--- TASK INSTRUCTIONS ---
Write out the listing below in full and exactly, leaving out every picture.

--- DATA PROVIDED ---
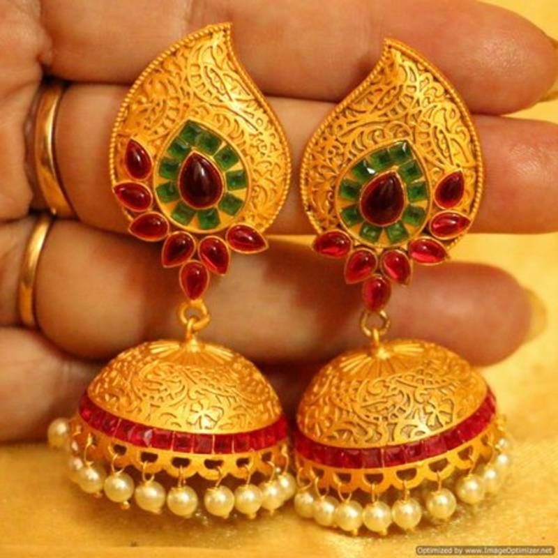 These beautiful earrings are handcrafted in copper alloy with imitation ruby and polki with matt finished work of very fine quality. These earrings are coated with 18 kt gold polish which give them a unique look . An absolutely stunning piece to own and are very light in weight.
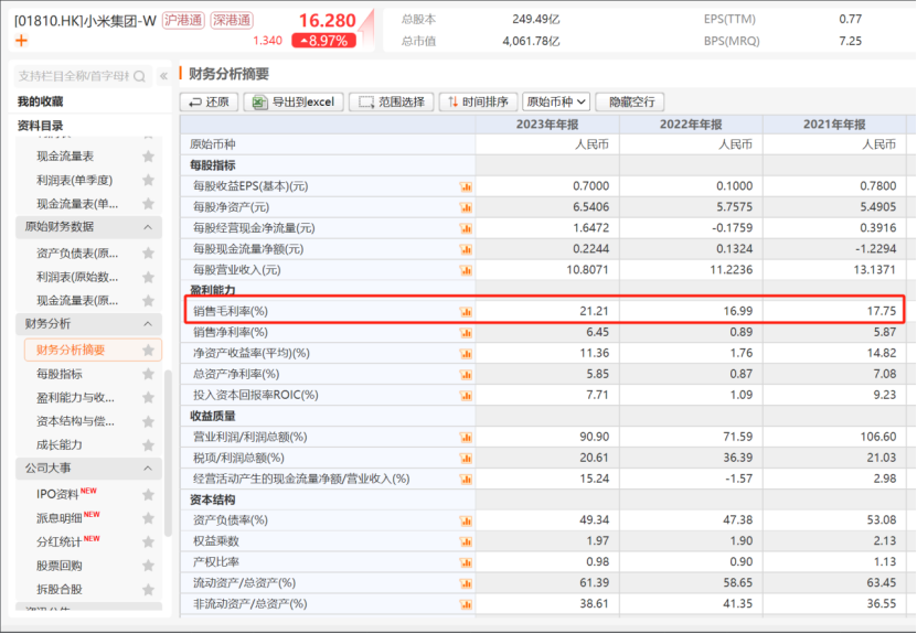 毛利率吊打小米
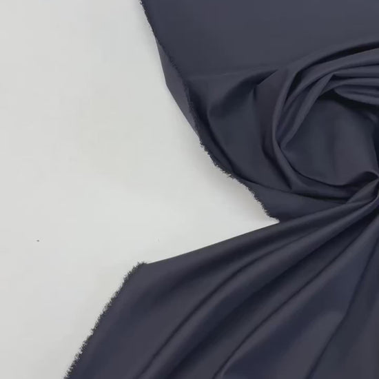 Lightweight and elegant wool twill fabric made in Italy with a deep violet-black tone. The fabric is pleasant to the skin, with slight crosswise stretch, providing comfort and a beautiful drape. Suitable for dresses, blouses and lightweight, quality garments.

--- COMPLETED TASK ---
 These beautiful earrings are handcrafted in copper alloy with imitation ruby and polki with matt finished work of very fine quality. These earrings are coated with 18 kt gold polish which give them a unique look . An absolutely stunning piece to own and are very light in weight.
 毛利率吊打小米
 Lightweight and elegant wool twill fabric made in Italy with a deep violet-black tone. The fabric is pleasant to the skin, with slight crosswise stretch, providing comfort and a beautiful drape. Suitable for dresses, blouses and lightweight, quality garments.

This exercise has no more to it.